**EXERCISE REQUIREMENTS:** Each entry below must come back exactly as written, without its pictures.

[[ SUPPLIED RECORDS, beginning ]]

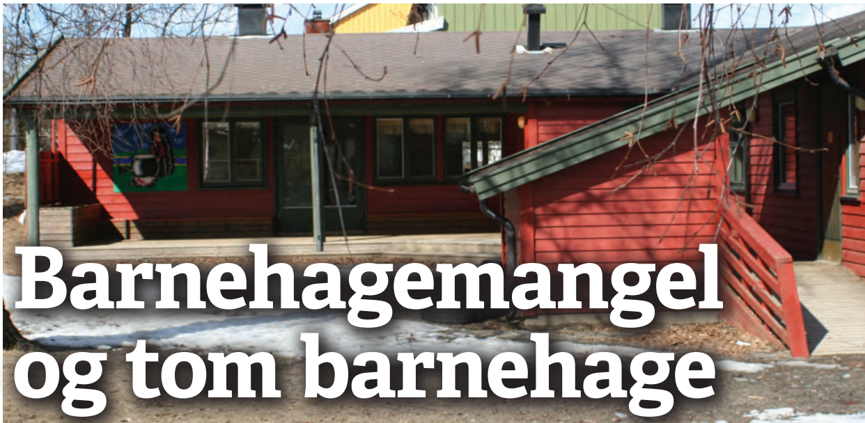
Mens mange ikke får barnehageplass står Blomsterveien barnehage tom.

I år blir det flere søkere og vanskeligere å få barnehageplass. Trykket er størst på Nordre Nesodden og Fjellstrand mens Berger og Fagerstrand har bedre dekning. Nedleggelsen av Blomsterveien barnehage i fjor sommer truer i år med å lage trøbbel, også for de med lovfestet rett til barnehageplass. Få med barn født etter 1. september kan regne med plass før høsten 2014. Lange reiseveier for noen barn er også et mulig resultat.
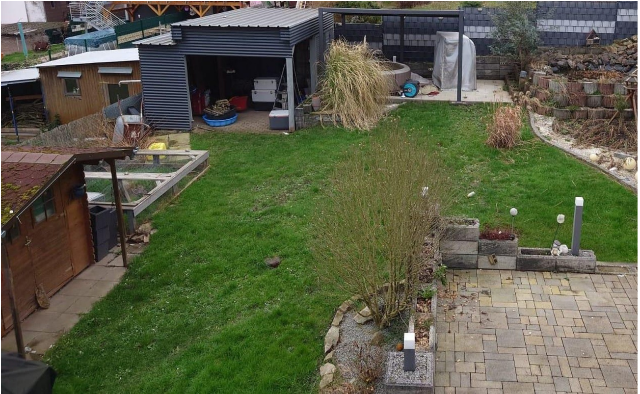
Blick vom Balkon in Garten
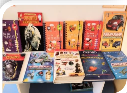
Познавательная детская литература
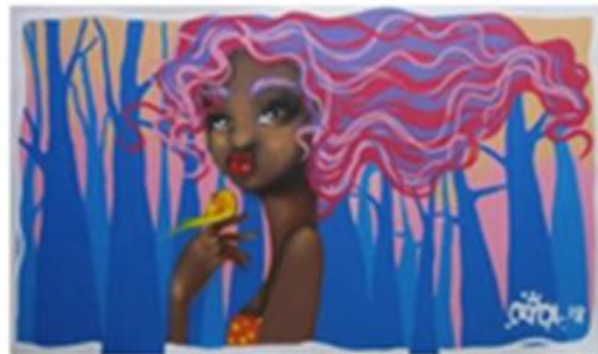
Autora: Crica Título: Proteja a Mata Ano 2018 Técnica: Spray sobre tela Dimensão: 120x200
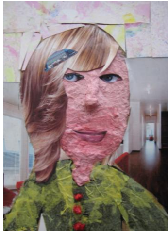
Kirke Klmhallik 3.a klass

[[ SUPPLIED RECORDS, end ]]

**TASK RESPONSE:**
Mens mange ikke får barnehageplass står Blomsterveien barnehage tom.

I år blir det flere søkere og vanskeligere å få barnehageplass. Trykket er størst på Nordre Nesodden og Fjellstrand mens Berger og Fagerstrand har bedre dekning. Nedleggelsen av Blomsterveien barnehage i fjor sommer truer i år med å lage trøbbel, også for de med lovfestet rett til barnehageplass. Få med barn født etter 1. september kan regne med plass før høsten 2014. Lange reiseveier for noen barn er også et mulig resultat.
Blick vom Balkon in Garten
Познавательная детская литература
Autora: Crica Título: Proteja a Mata Ano 2018 Técnica: Spray sobre tela Dimensão: 120x200
Kirke Klmhallik 3.a klass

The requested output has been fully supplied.